-- Opening Marker --
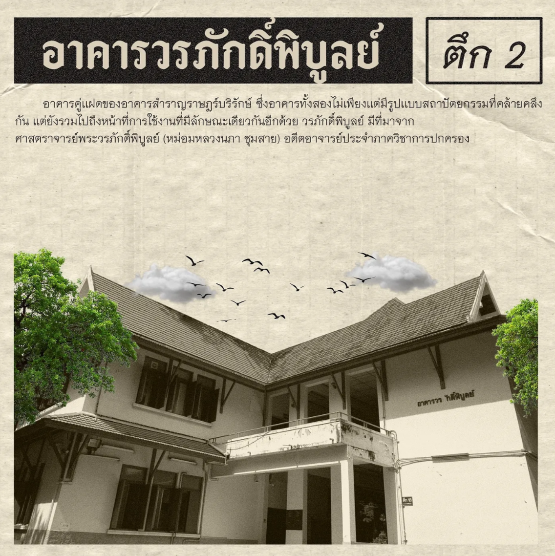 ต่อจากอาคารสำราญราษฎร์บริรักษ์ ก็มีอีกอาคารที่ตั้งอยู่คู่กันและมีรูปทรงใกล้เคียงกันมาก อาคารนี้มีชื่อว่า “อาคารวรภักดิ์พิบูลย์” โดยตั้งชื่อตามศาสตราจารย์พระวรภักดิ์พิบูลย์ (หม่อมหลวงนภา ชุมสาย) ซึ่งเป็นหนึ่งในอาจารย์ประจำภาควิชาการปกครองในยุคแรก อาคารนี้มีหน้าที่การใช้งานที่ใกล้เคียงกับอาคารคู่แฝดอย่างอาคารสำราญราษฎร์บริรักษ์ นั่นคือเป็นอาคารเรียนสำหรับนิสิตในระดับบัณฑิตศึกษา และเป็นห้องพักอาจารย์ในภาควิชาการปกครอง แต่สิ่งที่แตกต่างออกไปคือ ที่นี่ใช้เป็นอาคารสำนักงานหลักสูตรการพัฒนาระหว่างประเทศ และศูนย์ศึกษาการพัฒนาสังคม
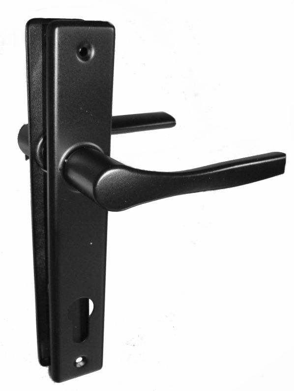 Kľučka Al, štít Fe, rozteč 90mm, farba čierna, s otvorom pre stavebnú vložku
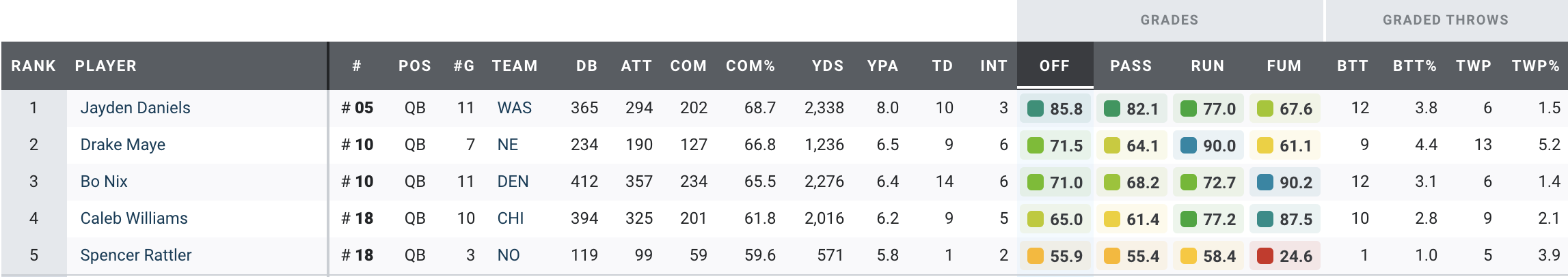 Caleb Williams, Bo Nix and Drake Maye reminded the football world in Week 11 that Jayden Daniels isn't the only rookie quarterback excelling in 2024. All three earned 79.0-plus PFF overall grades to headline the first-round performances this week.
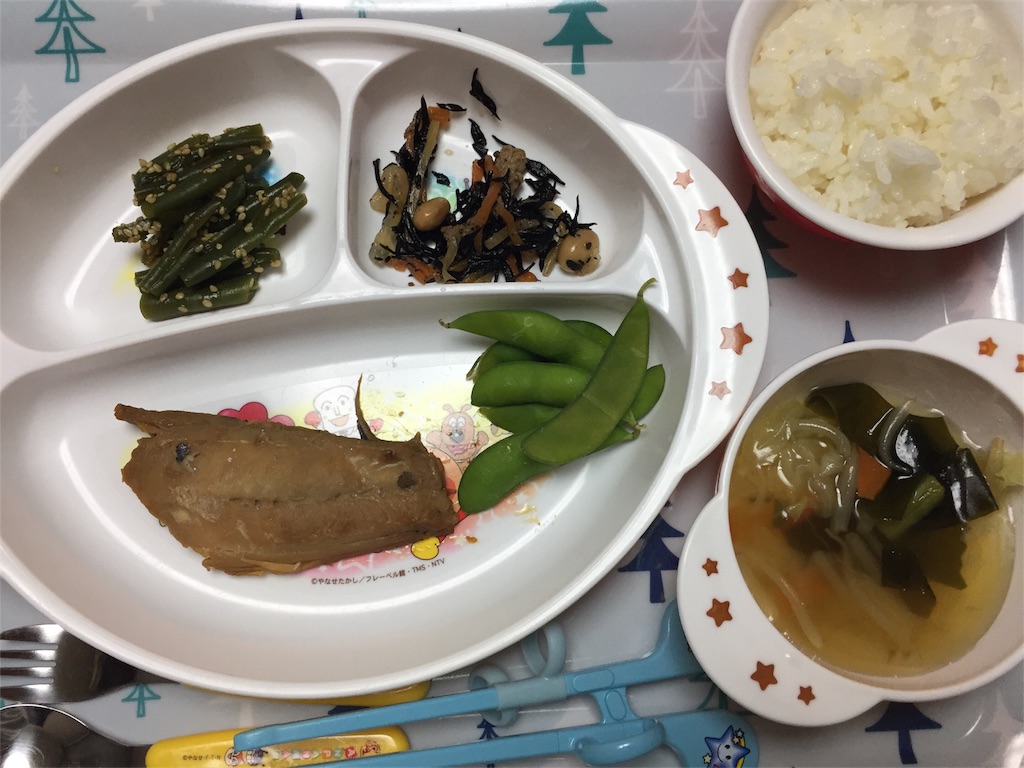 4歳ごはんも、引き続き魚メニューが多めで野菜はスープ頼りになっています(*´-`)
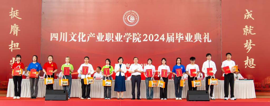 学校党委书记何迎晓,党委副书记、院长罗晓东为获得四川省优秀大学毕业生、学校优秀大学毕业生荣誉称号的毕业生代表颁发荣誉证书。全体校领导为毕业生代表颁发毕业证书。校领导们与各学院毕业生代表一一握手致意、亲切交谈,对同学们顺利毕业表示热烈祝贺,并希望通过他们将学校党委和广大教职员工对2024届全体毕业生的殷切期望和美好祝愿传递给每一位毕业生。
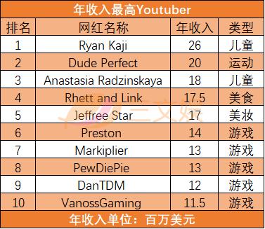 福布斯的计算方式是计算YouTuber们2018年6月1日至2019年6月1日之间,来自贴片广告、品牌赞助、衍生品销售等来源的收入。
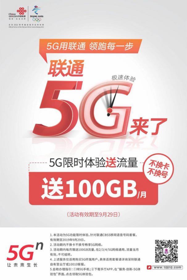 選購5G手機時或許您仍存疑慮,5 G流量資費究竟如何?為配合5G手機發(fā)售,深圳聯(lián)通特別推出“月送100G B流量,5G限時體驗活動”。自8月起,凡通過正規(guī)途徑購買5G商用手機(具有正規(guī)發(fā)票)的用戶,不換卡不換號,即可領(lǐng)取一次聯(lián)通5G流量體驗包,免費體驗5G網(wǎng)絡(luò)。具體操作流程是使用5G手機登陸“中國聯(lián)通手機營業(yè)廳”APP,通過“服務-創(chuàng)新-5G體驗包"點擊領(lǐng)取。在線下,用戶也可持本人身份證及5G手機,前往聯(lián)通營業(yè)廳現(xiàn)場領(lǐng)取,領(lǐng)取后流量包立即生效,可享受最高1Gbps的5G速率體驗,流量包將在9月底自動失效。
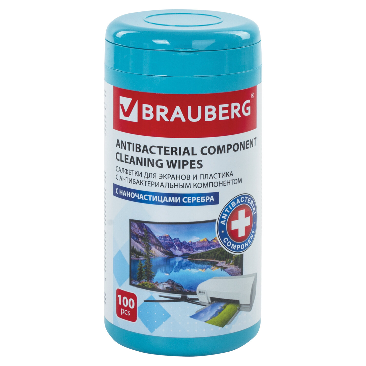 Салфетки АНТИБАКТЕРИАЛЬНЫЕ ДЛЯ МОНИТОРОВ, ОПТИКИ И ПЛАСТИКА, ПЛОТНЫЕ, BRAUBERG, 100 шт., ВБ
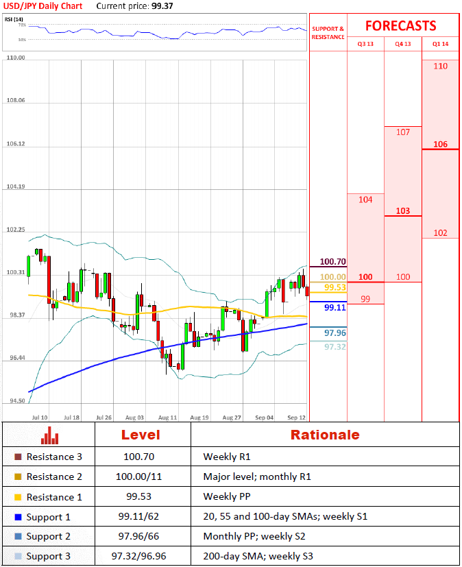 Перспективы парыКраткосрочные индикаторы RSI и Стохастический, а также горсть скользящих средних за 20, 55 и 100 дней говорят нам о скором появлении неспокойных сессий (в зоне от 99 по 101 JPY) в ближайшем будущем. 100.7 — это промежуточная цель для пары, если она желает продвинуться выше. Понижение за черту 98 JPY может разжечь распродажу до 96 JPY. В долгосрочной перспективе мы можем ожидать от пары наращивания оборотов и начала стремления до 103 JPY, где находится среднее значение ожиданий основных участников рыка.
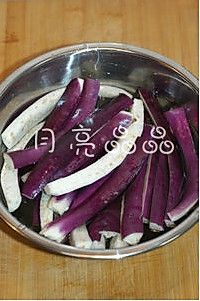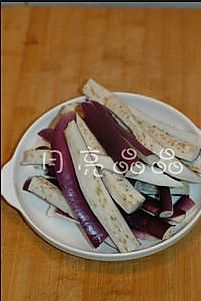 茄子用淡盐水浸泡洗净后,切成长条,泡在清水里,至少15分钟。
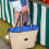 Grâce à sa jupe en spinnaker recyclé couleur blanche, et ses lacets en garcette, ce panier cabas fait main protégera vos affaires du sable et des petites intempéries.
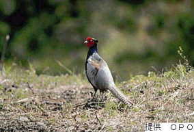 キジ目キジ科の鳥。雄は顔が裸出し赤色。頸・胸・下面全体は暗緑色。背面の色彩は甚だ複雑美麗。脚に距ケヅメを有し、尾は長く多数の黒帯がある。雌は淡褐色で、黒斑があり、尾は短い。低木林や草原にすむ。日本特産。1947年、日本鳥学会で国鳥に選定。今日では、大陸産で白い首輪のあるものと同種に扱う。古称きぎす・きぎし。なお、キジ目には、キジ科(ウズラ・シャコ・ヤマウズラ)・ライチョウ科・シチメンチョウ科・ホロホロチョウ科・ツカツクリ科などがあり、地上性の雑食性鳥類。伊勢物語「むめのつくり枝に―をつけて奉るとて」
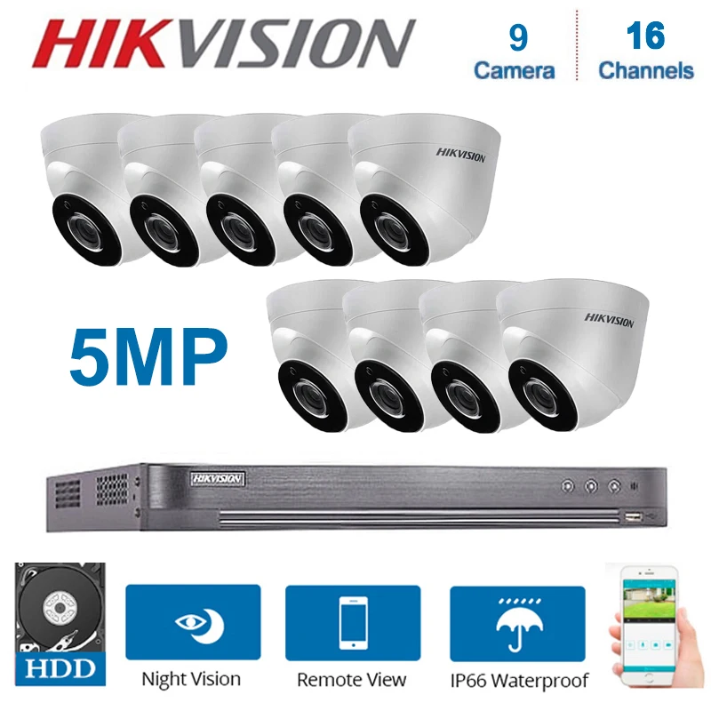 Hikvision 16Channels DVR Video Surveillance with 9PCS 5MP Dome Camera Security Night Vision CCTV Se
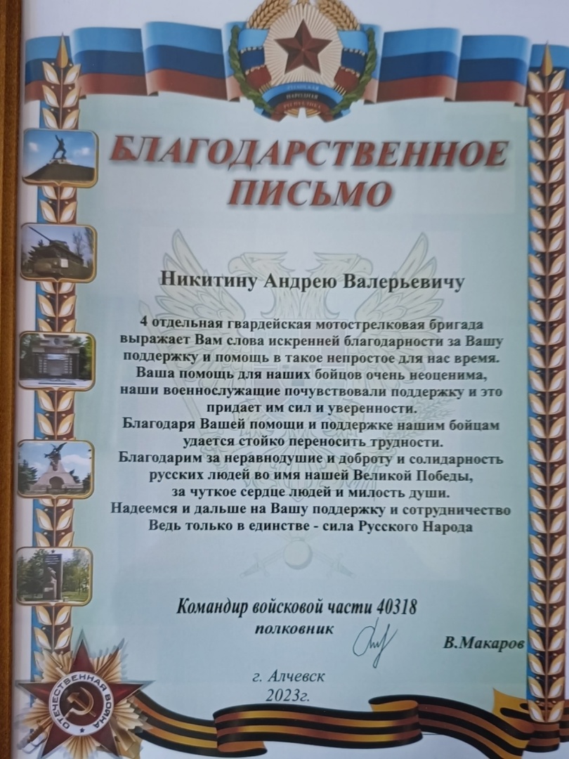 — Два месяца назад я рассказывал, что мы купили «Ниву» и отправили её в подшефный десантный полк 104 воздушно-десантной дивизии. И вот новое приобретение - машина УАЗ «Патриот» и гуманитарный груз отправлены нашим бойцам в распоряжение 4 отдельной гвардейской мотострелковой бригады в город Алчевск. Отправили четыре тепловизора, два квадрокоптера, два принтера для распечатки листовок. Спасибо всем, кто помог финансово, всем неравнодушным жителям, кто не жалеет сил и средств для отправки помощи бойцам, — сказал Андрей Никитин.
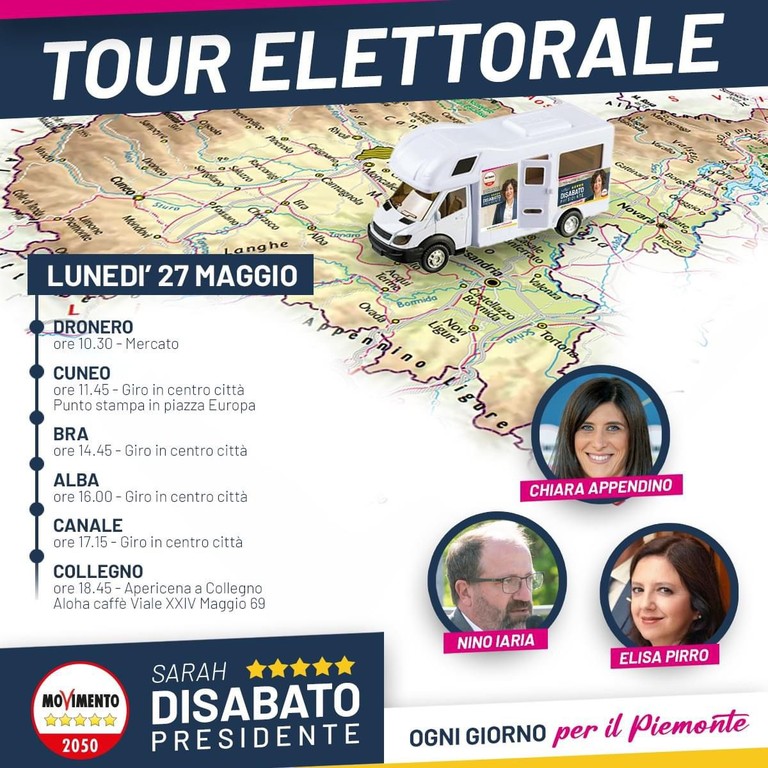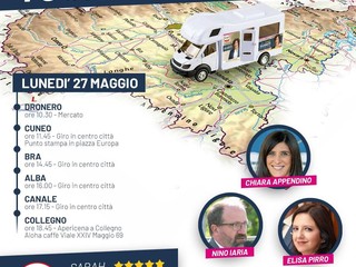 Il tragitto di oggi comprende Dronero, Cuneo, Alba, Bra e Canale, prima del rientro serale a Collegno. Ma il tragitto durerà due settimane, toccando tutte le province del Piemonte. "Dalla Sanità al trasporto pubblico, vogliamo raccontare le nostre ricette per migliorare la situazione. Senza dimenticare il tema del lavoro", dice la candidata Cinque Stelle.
-- Closing Marker --
» Task
For every record above, repeat the text exactly and omit any picture.

» Reply to the exercise
 ต่อจากอาคารสำราญราษฎร์บริรักษ์ ก็มีอีกอาคารที่ตั้งอยู่คู่กันและมีรูปทรงใกล้เคียงกันมาก อาคารนี้มีชื่อว่า “อาคารวรภักดิ์พิบูลย์” โดยตั้งชื่อตามศาสตราจารย์พระวรภักดิ์พิบูลย์ (หม่อมหลวงนภา ชุมสาย) ซึ่งเป็นหนึ่งในอาจารย์ประจำภาควิชาการปกครองในยุคแรก อาคารนี้มีหน้าที่การใช้งานที่ใกล้เคียงกับอาคารคู่แฝดอย่างอาคารสำราญราษฎร์บริรักษ์ นั่นคือเป็นอาคารเรียนสำหรับนิสิตในระดับบัณฑิตศึกษา และเป็นห้องพักอาจารย์ในภาควิชาการปกครอง แต่สิ่งที่แตกต่างออกไปคือ ที่นี่ใช้เป็นอาคารสำนักงานหลักสูตรการพัฒนาระหว่างประเทศ และศูนย์ศึกษาการพัฒนาสังคม
 Kľučka Al, štít Fe, rozteč 90mm, farba čierna, s otvorom pre stavebnú vložku
 Caleb Williams, Bo Nix and Drake Maye reminded the football world in Week 11 that Jayden Daniels isn't the only rookie quarterback excelling in 2024. All three earned 79.0-plus PFF overall grades to headline the first-round performances this week.
 4歳ごはんも、引き続き魚メニューが多めで野菜はスープ頼りになっています(*´-`)
 学校党委书记何迎晓,党委副书记、院长罗晓东为获得四川省优秀大学毕业生、学校优秀大学毕业生荣誉称号的毕业生代表颁发荣誉证书。全体校领导为毕业生代表颁发毕业证书。校领导们与各学院毕业生代表一一握手致意、亲切交谈,对同学们顺利毕业表示热烈祝贺,并希望通过他们将学校党委和广大教职员工对2024届全体毕业生的殷切期望和美好祝愿传递给每一位毕业生。
 福布斯的计算方式是计算YouTuber们2018年6月1日至2019年6月1日之间,来自贴片广告、品牌赞助、衍生品销售等来源的收入。
 選購5G手機時或許您仍存疑慮,5 G流量資費究竟如何?為配合5G手機發(fā)售,深圳聯(lián)通特別推出“月送100G B流量,5G限時體驗活動”。自8月起,凡通過正規(guī)途徑購買5G商用手機(具有正規(guī)發(fā)票)的用戶,不換卡不換號,即可領(lǐng)取一次聯(lián)通5G流量體驗包,免費體驗5G網(wǎng)絡(luò)。具體操作流程是使用5G手機登陸“中國聯(lián)通手機營業(yè)廳”APP,通過“服務-創(chuàng)新-5G體驗包"點擊領(lǐng)取。在線下,用戶也可持本人身份證及5G手機,前往聯(lián)通營業(yè)廳現(xiàn)場領(lǐng)取,領(lǐng)取后流量包立即生效,可享受最高1Gbps的5G速率體驗,流量包將在9月底自動失效。
 Салфетки АНТИБАКТЕРИАЛЬНЫЕ ДЛЯ МОНИТОРОВ, ОПТИКИ И ПЛАСТИКА, ПЛОТНЫЕ, BRAUBERG, 100 шт., ВБ
 Перспективы парыКраткосрочные индикаторы RSI и Стохастический, а также горсть скользящих средних за 20, 55 и 100 дней говорят нам о скором появлении неспокойных сессий (в зоне от 99 по 101 JPY) в ближайшем будущем. 100.7 — это промежуточная цель для пары, если она желает продвинуться выше. Понижение за черту 98 JPY может разжечь распродажу до 96 JPY. В долгосрочной перспективе мы можем ожидать от пары наращивания оборотов и начала стремления до 103 JPY, где находится среднее значение ожиданий основных участников рыка.
 茄子用淡盐水浸泡洗净后,切成长条,泡在清水里,至少15分钟。
 Grâce à sa jupe en spinnaker recyclé couleur blanche, et ses lacets en garcette, ce panier cabas fait main protégera vos affaires du sable et des petites intempéries.
 キジ目キジ科の鳥。雄は顔が裸出し赤色。頸・胸・下面全体は暗緑色。背面の色彩は甚だ複雑美麗。脚に距ケヅメを有し、尾は長く多数の黒帯がある。雌は淡褐色で、黒斑があり、尾は短い。低木林や草原にすむ。日本特産。1947年、日本鳥学会で国鳥に選定。今日では、大陸産で白い首輪のあるものと同種に扱う。古称きぎす・きぎし。なお、キジ目には、キジ科(ウズラ・シャコ・ヤマウズラ)・ライチョウ科・シチメンチョウ科・ホロホロチョウ科・ツカツクリ科などがあり、地上性の雑食性鳥類。伊勢物語「むめのつくり枝に―をつけて奉るとて」
 Hikvision 16Channels DVR Video Surveillance with 9PCS 5MP Dome Camera Security Night Vision CCTV Se
 — Два месяца назад я рассказывал, что мы купили «Ниву» и отправили её в подшефный десантный полк 104 воздушно-десантной дивизии. И вот новое приобретение - машина УАЗ «Патриот» и гуманитарный груз отправлены нашим бойцам в распоряжение 4 отдельной гвардейской мотострелковой бригады в город Алчевск. Отправили четыре тепловизора, два квадрокоптера, два принтера для распечатки листовок. Спасибо всем, кто помог финансово, всем неравнодушным жителям, кто не жалеет сил и средств для отправки помощи бойцам, — сказал Андрей Никитин.
 Il tragitto di oggi comprende Dronero, Cuneo, Alba, Bra e Canale, prima del rientro serale a Collegno. Ma il tragitto durerà due settimane, toccando tutte le province del Piemonte. "Dalla Sanità al trasporto pubblico, vogliamo raccontare le nostre ricette per migliorare la situazione. Senza dimenticare il tema del lavoro", dice la candidata Cinque Stelle.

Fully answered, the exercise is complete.